В своей монографии о графике К. Шмидт-Ротлуфа  Г. Витек (G. Wietek) писал, что главным в работах художника всегда было “развитие” сюжета. Когда в композициях появлялись люди, то это никогда не означало, что они вписаны, были в определённую историческую среду как участники условно выбранных художником событий. Важно было передать сущность явления, показать основную причину происходящего, для этого необходимо было создать типический образ в его непосредственном действии в привычных для него условиях. При этом произведения К. Шмидт-Ротлуфа всегда носили “экстатически - экспрессионистический” характер, абстрактные “геометрические плоскости” характеризовали общий композиционный строй работ50. Данный исследователь творчества одного из самых ярких представителей объединения “Мост” утверждал, теоретически доказывая и практически подтверждая своё мнение, что художественное сознание, направленное на создание современного абстрактного типического образа и значимого сюжета, представляемого в своём абстрактном развитии, конституирует в себе самом законы определения главных мотивов в произведении, выливаясь во всё новые и новые решения. Феномен соприкосновения этого сознания с абстрактной жизнью и окружающей действительностью, а не с грёзой, мечтой и колдовством поэтических чар сказки, является своеобразным проявлением принципа необходимого взаимоотношения художественного закона и действительности. Гений творит закон и правила своих собственных сочинений, его художественное значение полно идей, из которых извлекаются новые образы и сюжеты. Абстрактный человек как “субъект вообще” (И. Кант) – это тот человек (в искусстве), у которого всё индивидуальное как таковое исключено (К. Шмидт – Ротлуф. “Женщина в дюнах” (ил. 17), “Лежащая” (ил. 28), “Под открытым небом” (ил. 31), “В лесу” (ил. 32) и заменено обобщённо-типическим – такой же абстрактной категорией как и само понятие “человек”. 
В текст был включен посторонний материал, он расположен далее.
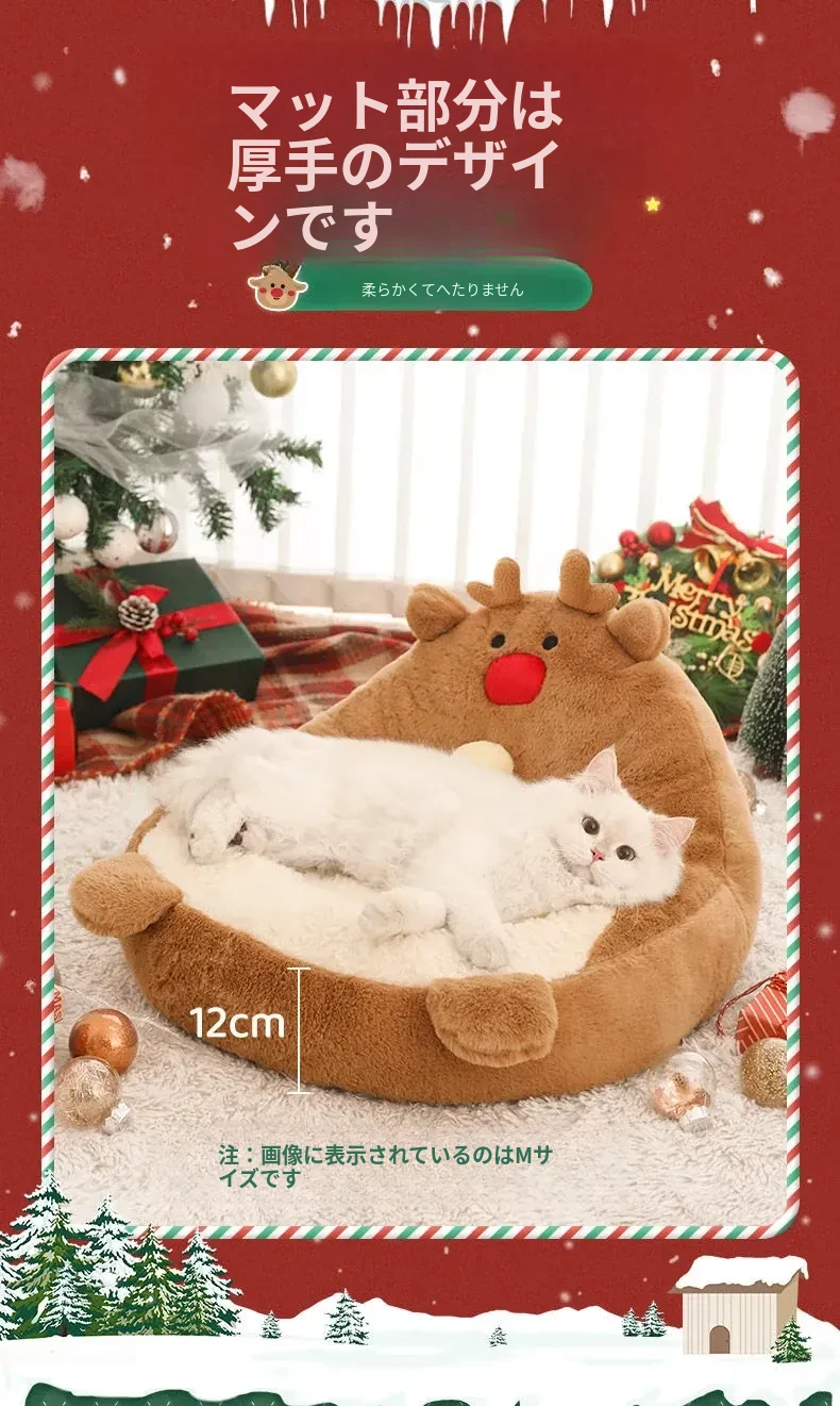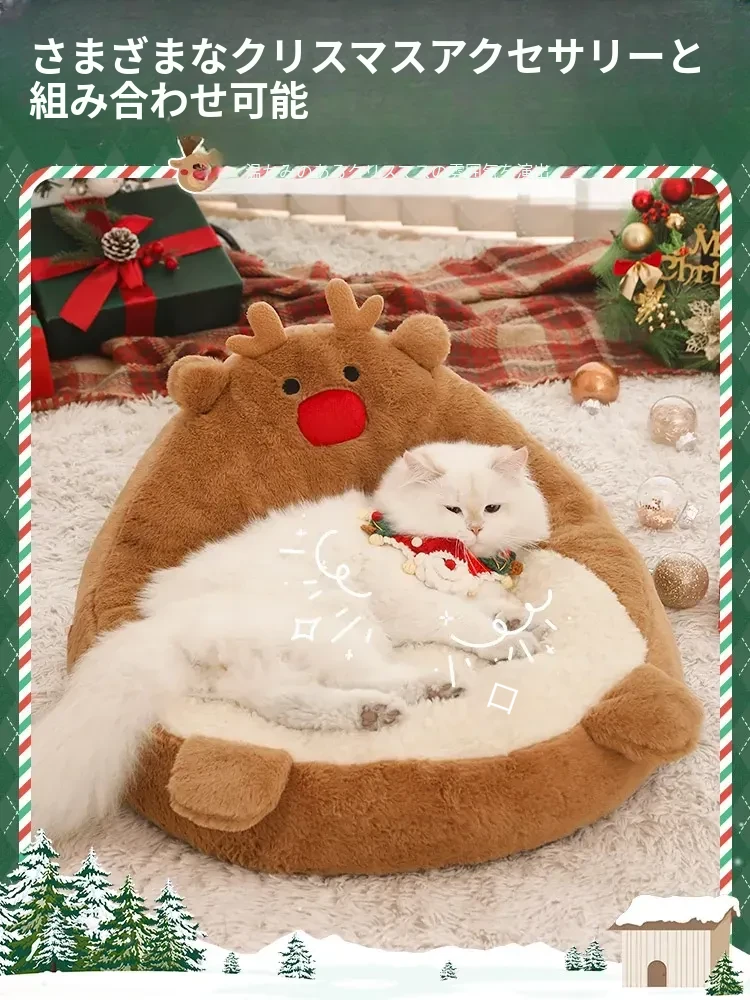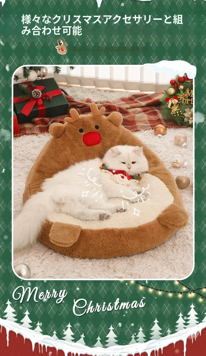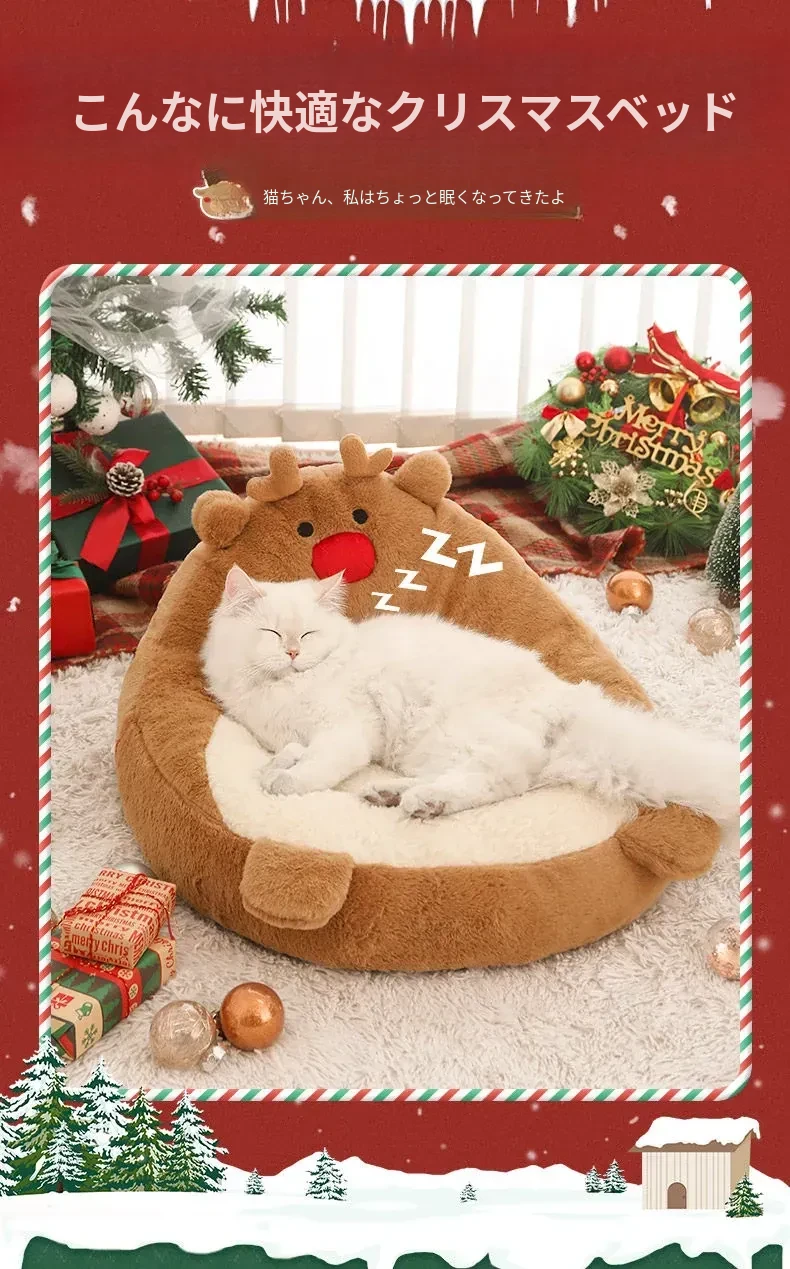 クリスマス猫ハウス - 冬の暖かさを提供する猫用ベッド!愛らしいデザインで、あなたの小さな友達を快適に守ります。寒い季節にぴったりのペット用ソファ、犬も使える冬用ベッド。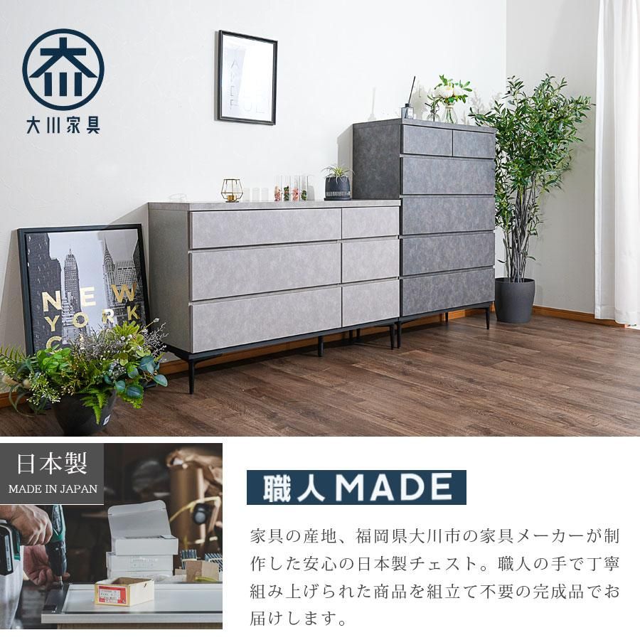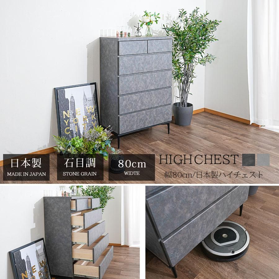 ハイチェスト モダン チェスト 幅80 タンス 箪笥 80幅 石目調 コンクリート調 3段 日本製 完成品 国産 衣類収納 整理たんす 脚付き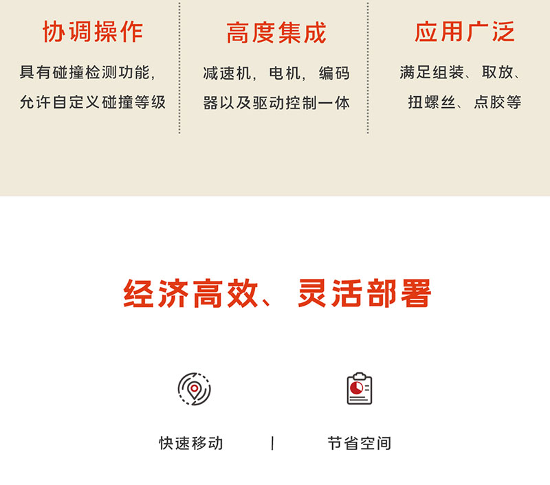 作為同時具有四軸協作機械臂、六軸協作機械臂、電動夾爪與智能模組的機器人公司。我們專注于核心技術的研發,堅持產品創新,以高效、低成本、模塊化的方式,為行業客戶提供極致性價比的機器人產品及自動化解決方案。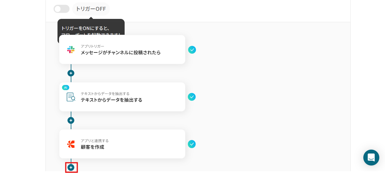 Slackで共有した顧客に関するメッセージをトリガーに、AIでテキスト情報から顧客名や連絡先などを抽出し、Chargebeeに新しい顧客として登録するフローです。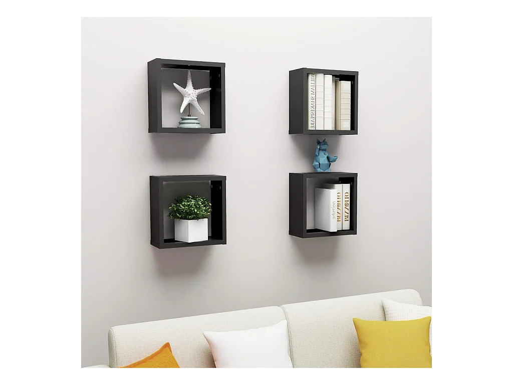Étagères cube murales 4 pcs noir 30x15x30 cm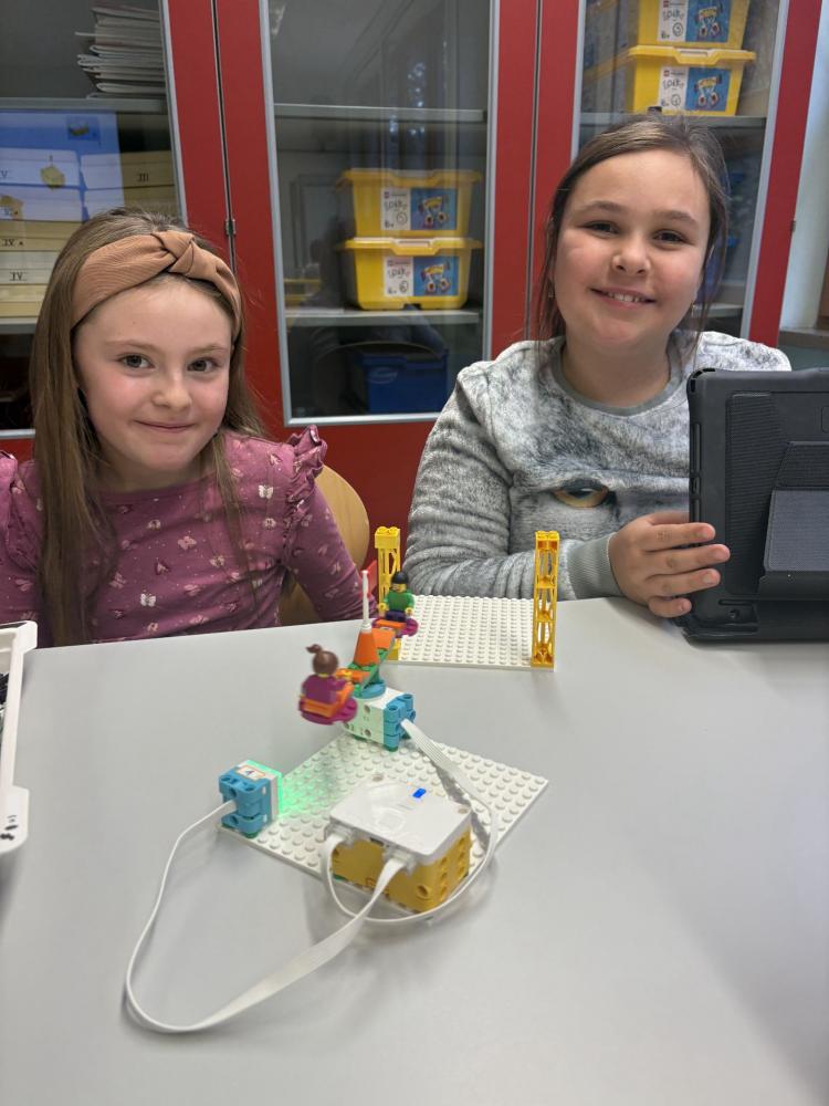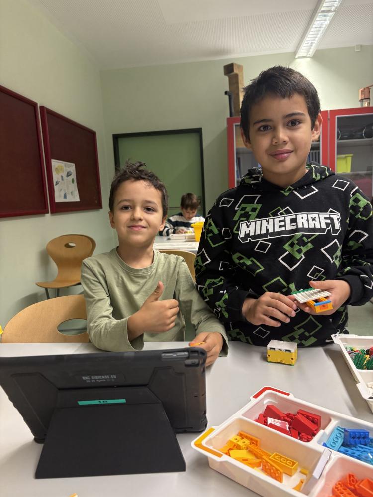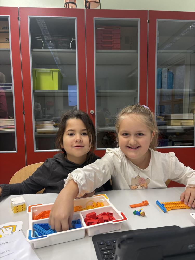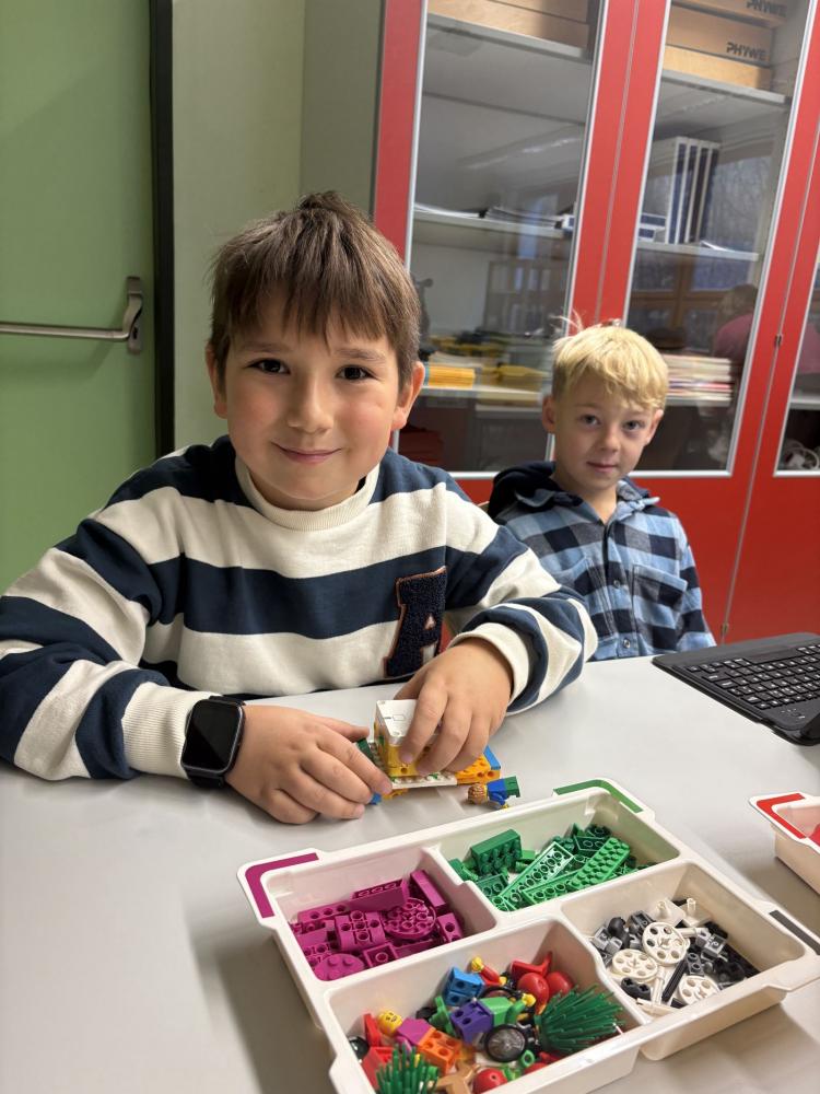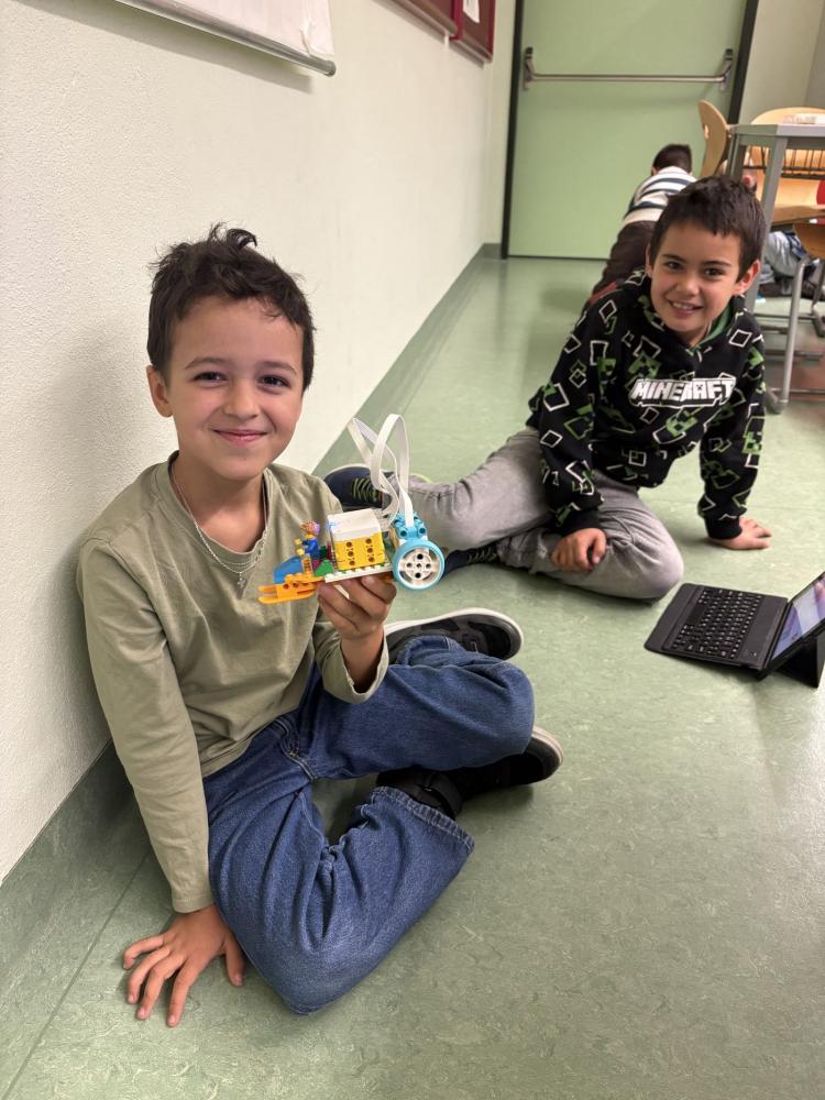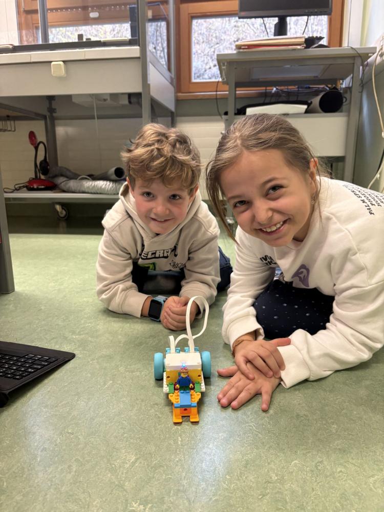 In Teams bauten die Kinder eigene Modelle mit dem LEGO SPIKE Essential Set. Danach programmierten sie die Motoren und Lichtsensoren ihrer Kreationen. Entstanden sind ein fahrendes Schneemobil und ein Karussell, das sich drehte, Musik spielte und blinkte.

Этот человек абсолютно исключён из исторической обстановки и конкретно обозначенной художником “реальной действительности”, этот человек равен всякому другому без личностных отличий, как некая фигура общественного равенства из трактовки юридического социализма Ж.-Ж. Руссо в “Общественном договоре” или же некое абстрактное “я”, представленное философией И. Г. Фихте, которой увлекались в своё время немецкие романтики, в их числе имена тех, кого любили читать и перечитывать члены группы “Мост”: это великие Гёльдерлин, Гофмансталь, Георге, Тракль. Экспрессионизм отказался от преобладающей роли природы (П. Фогт) и обратился к “пантеистическому” началу (В. В. Бычков) природного мира.
      В творчестве К. Шмидт-Ротлуфа одна из лейтмотивных тем: тема человека и природы. Г. Витек особенно выделял эту тематику, где наибольших успехов художник добился в 1914 году. По мнению данного исследователя, космическое действие, идущее через природу, наиболее убедительно показано в 41 ксилографии 9 литографиях 1914 года.
Г. Витек утверждал, что привычными для абстрактного человека условиями были, прежде всего, окружающая его природная среда, а типический образ являлся неотъемлемой принадлежностью типического ландшафта, где сосуществующие рядом равные по художественному значению природные элементы строго изолированы в композиции.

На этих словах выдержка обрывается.